> **What the task asks**: No pictures should appear. The lines from the beginning of the listing through the one holding "Griffwerk TITANO Kombi" must be reproduced exactly, and nothing more.

> **Exercise materials**:

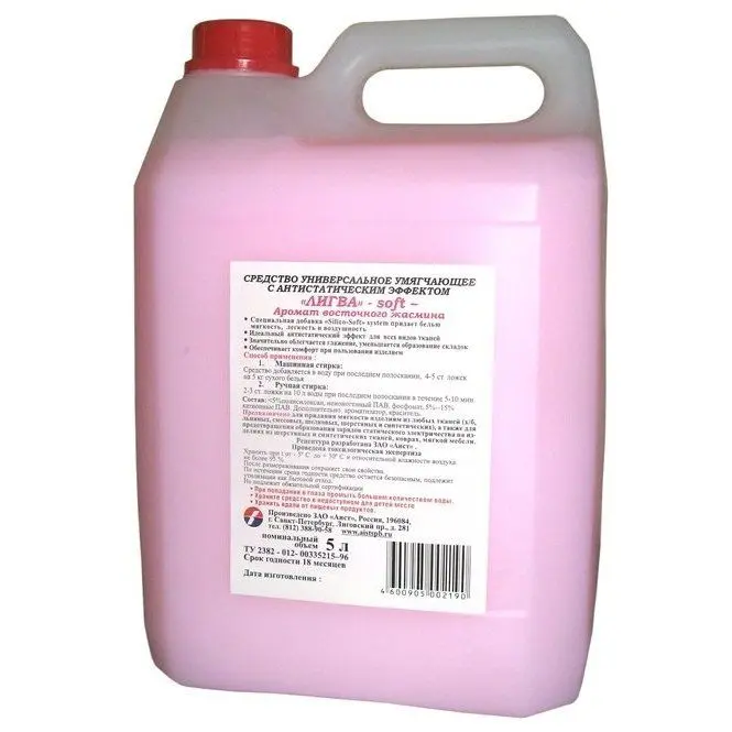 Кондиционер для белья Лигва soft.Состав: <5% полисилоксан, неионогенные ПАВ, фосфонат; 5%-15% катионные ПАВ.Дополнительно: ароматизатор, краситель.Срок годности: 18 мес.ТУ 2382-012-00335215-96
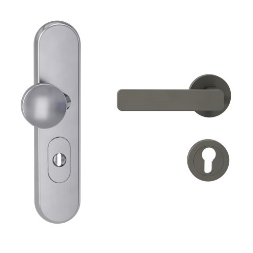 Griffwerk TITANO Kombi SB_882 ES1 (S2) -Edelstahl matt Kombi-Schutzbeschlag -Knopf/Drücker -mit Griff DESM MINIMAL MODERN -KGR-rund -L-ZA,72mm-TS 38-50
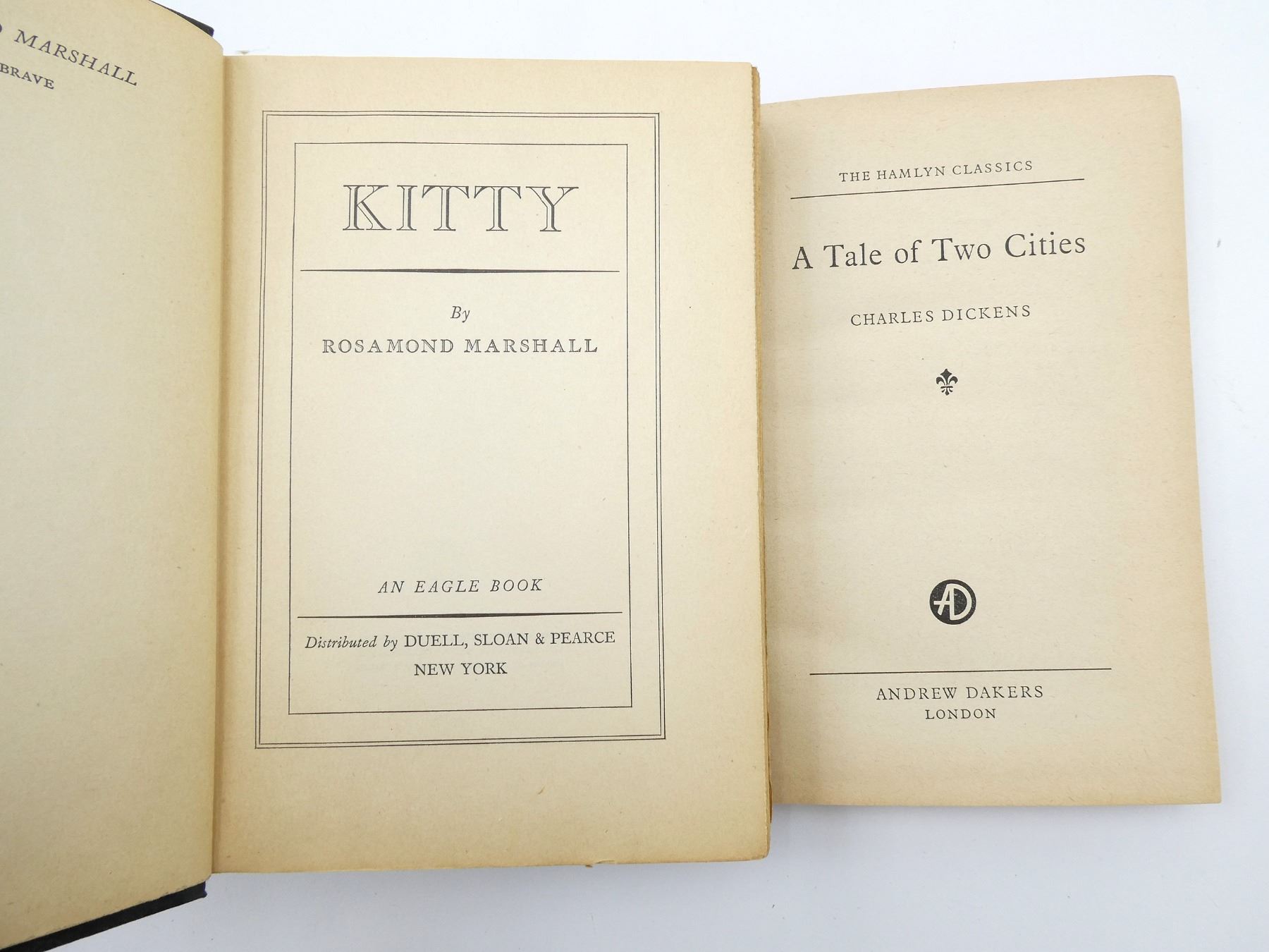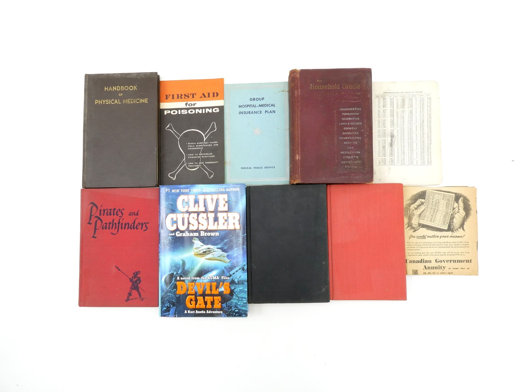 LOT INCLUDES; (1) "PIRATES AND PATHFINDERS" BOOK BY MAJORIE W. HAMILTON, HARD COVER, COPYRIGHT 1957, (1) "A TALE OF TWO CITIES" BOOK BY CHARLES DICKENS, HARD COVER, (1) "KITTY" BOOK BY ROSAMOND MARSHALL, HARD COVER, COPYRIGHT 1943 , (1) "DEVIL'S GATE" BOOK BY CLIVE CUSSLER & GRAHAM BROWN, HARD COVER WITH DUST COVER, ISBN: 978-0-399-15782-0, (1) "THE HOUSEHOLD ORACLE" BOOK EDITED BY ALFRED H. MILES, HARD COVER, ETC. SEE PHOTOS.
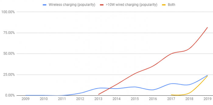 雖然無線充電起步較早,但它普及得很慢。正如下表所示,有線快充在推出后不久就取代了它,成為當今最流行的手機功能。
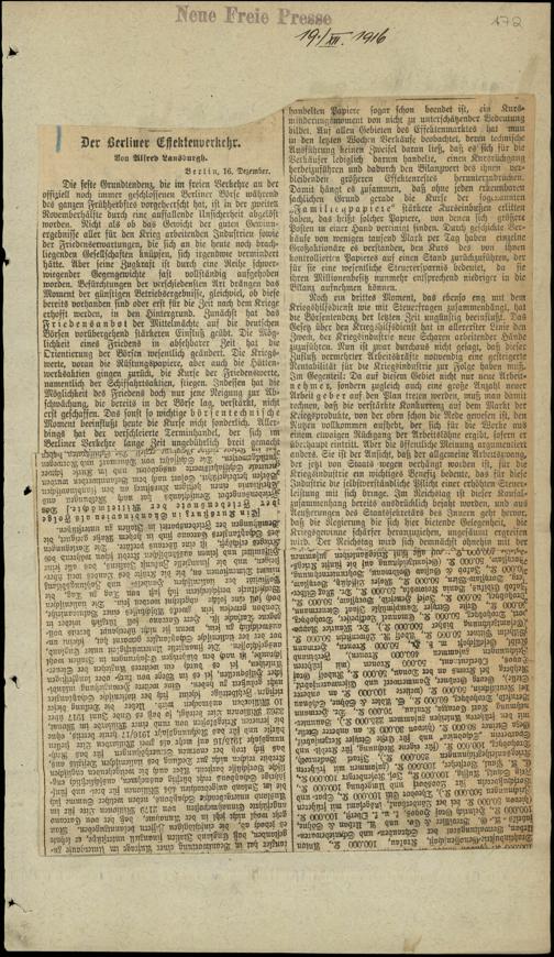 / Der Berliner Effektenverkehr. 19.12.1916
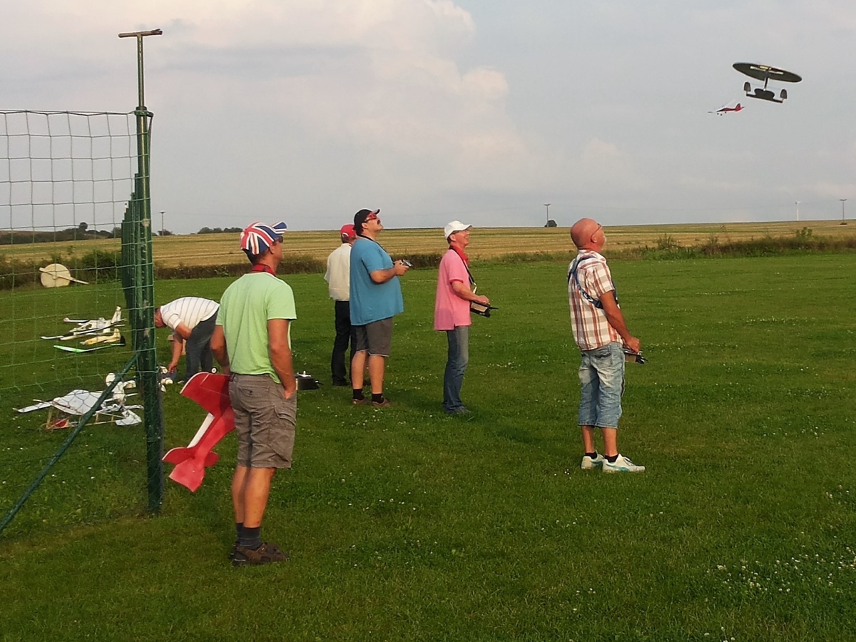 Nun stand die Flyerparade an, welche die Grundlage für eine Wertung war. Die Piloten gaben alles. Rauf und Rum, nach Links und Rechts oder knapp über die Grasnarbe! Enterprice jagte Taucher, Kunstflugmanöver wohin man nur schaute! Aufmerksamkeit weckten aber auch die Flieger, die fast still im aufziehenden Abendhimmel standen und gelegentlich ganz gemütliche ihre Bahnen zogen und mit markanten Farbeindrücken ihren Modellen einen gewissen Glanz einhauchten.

> **Solved exercise**:
 Кондиционер для белья Лигва soft.Состав: <5% полисилоксан, неионогенные ПАВ, фосфонат; 5%-15% катионные ПАВ.Дополнительно: ароматизатор, краситель.Срок годности: 18 мес.ТУ 2382-012-00335215-96
 Griffwerk TITANO Kombi SB_882 ES1 (S2) -Edelstahl matt Kombi-Schutzbeschlag -Knopf/Drücker -mit Griff DESM MINIMAL MODERN -KGR-rund -L-ZA,72mm-TS 38-50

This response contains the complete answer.